Matt Kemp and the Dodgers failed to capitalize after loading the bases each… (Sarah Glenn / Getty Images )
The Dodgers did not just have Marlins right-hander Ricky Nolasco on the ropes, they had him hanging on the edge of a cliff by his fingernails, standing over him and all but laughing.
And they let him up. Let him and the Marlins all the way up to a 7-3 victory Saturday night in Miami that knocked the Dodgers back out of a tie for first in the National League West.
The Dodgers loaded the bases with two outs in the first, and James Loney flied out to center. They loaded the bases again in the second with two outs, and Matt Kemp struck out. Kemp is 0-for-4 with the bases loaded this season.
That’s six men left on base in just two innings. It’s the kind of thing that can come back to haunt, and it did.

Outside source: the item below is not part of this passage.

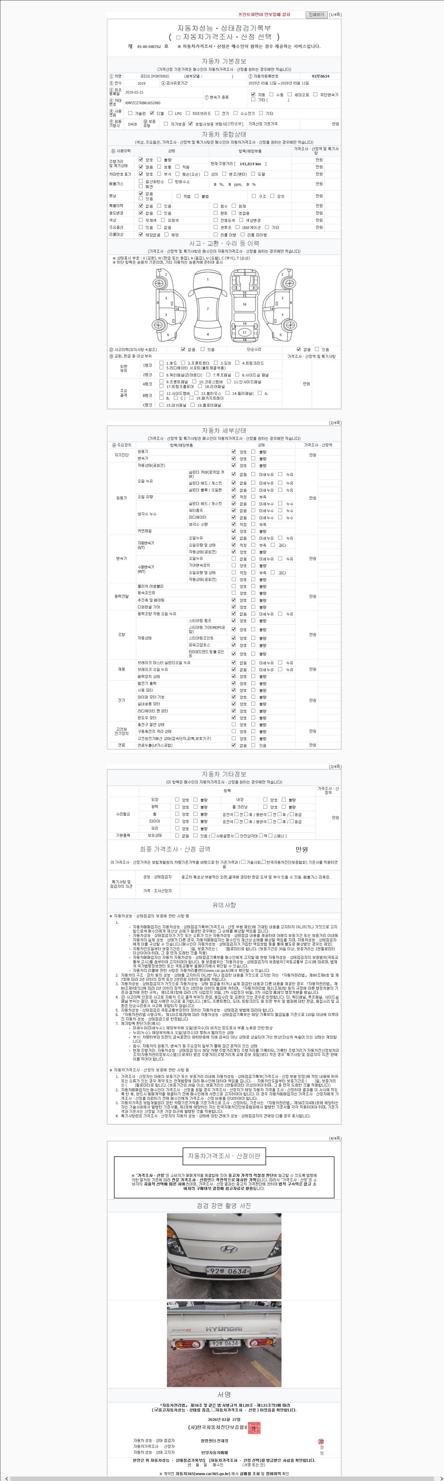 | 주행거리 | 141,814 km | 차량번호 | 92루0634 |

Nolasco, who had lost his last five starts and eight of his last 10 decisions, actually hung around for five innings to earn the victory.
Right-hander Joe Blanton, making his second start for the Dodgers after being acquired from the Phillies on Aug. 3, pitched four strong innings. Trouble was, he also pitched the fifth.

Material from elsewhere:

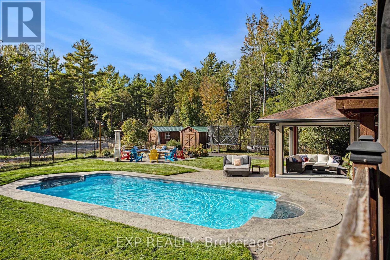 Step Into A World Where Luxury, Privacy, And Nature Unite In Perfect Harmony! Tucked Away In A Prestigious Golf Course Community, This Exceptional Estate Rests On Nearly Six Acres Of Rolling Greenery And Towering Trees, Creating A Setting Unlike Any Other. As You Arrive, The Tranquility Of The Property Is Instantly Apparent. Step Through The Front Door Into A Spacious Foyer That Opens To Sun-Filled Living Areas Adorned With Hardwood Floors And Expansive Windows Framing Picturesque Views. The Inviting Living Room Centers Around A Striking Wood-Burning Fireplace, Adding Warmth And Character To Every Gathering. The Heart Of The Home Is A Chef-Inspired Kitchen Designed For Beauty And Function, With Solid Wood Cabinetry, Granite Counters, And Premium Stainless Steel Appliances, Including Double Ovens And An Oversized Fridge. A Generous Island And Adjacent Dining Area Make Entertaining Effortless, Flowing Seamlessly Toward The Backyard Paradise. Upstairs, The Primary Suite Offers A Peaceful Escape With A Juliette Balcony And Spa-Inspired Ensuite. Each Additional Bedroom Features Its Own Ensuite, Ensuring Comfort And Privacy For Family And Guests. The Fully Finished Basement Extends The Living Space With Areas For Recreation, Fitness, Or Movie Nights. Step Outside And Discover The True Highlight Of This Estate-A Resort-Style Backyard. A Saltwater Pool Is Surrounded By Lush Landscaping, Expansive Interlock, And A Timber-Framed Pool House With Wet Bar, Sitting Area, Outdoor Shower & Change Room. Gather Around The Built-In Fire Pit Beneath The Stars, Explore Private Trails, Or Simply Relax In Your Outdoor Sanctuary. With A New Furnace, Irrigation System, Heated Garage W/Epoxy Flooring, Secondary Laneway, And Two Wells-The Second Dedicated To Front And Back Irrigation-Every Detail Has Been Thoughtfully Designed. This Property Perfectly Blends Sophistication, Comfort, And Natural Beauty-A Rare Chance To Truly Have It All. Schedule Your Showing Today - Don't Miss This GEM! (id:49063)
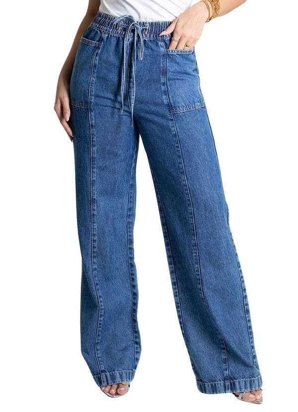 Calça confeccionada em jeans. O modelo possui cintura super alta, gancho no lugar e caimento amplo da coxa até a barra. Cintura alta, cós tem elastico embutido, cordão com o mesmo tecido para amarração. Bolsos frontais e posteriores funcionais Barra simplesTecido: Jeans Tipo de Lavagem: azul Cor: Azul médioComposição: 100% ALGODÃOTipo de lavagem: CIDADE VERDE

The Dodgers had taken an early 2-0 lead. They scored one in the fourth when Shane Victorino used his speed to beat out a double-play relay, allowing A.J. Ellis — who had doubled — to score. They scored a second in the fifth when Matt Kemp singled, stole second and scored on an Andre Ethier base hit.
But in the bottom of the fifth, the Marlins scored four times. And that was after Giancarlo Stanton struck out following a foul ball he crushed about 450 feet.
The Marlins started it with three consecutive doubles by Donovan Solano, Nick Green and John Buck. They added a single by Austin Kearns, an RBI sacrifice bunt by Gorkys Hernandez and a run-scoring single by Justin Ruggiano.
Blanton (8-10) allowed only six hits in his five innings, but five of them came in the fifth.
The Marlins scored three times against Brandon League, the reliever who’s been just short of a disaster since being acquired from the Mariners on July 30.
League threw hard, but did not appear to have much movement. A hit, a wild pitch and an intentional walk preceded a two-run double by Carlos Lee, the man who would not be a Dodger. Solano singled in Lee.
In his first five appearances as a Dodger, League has a 16.88 earned run average.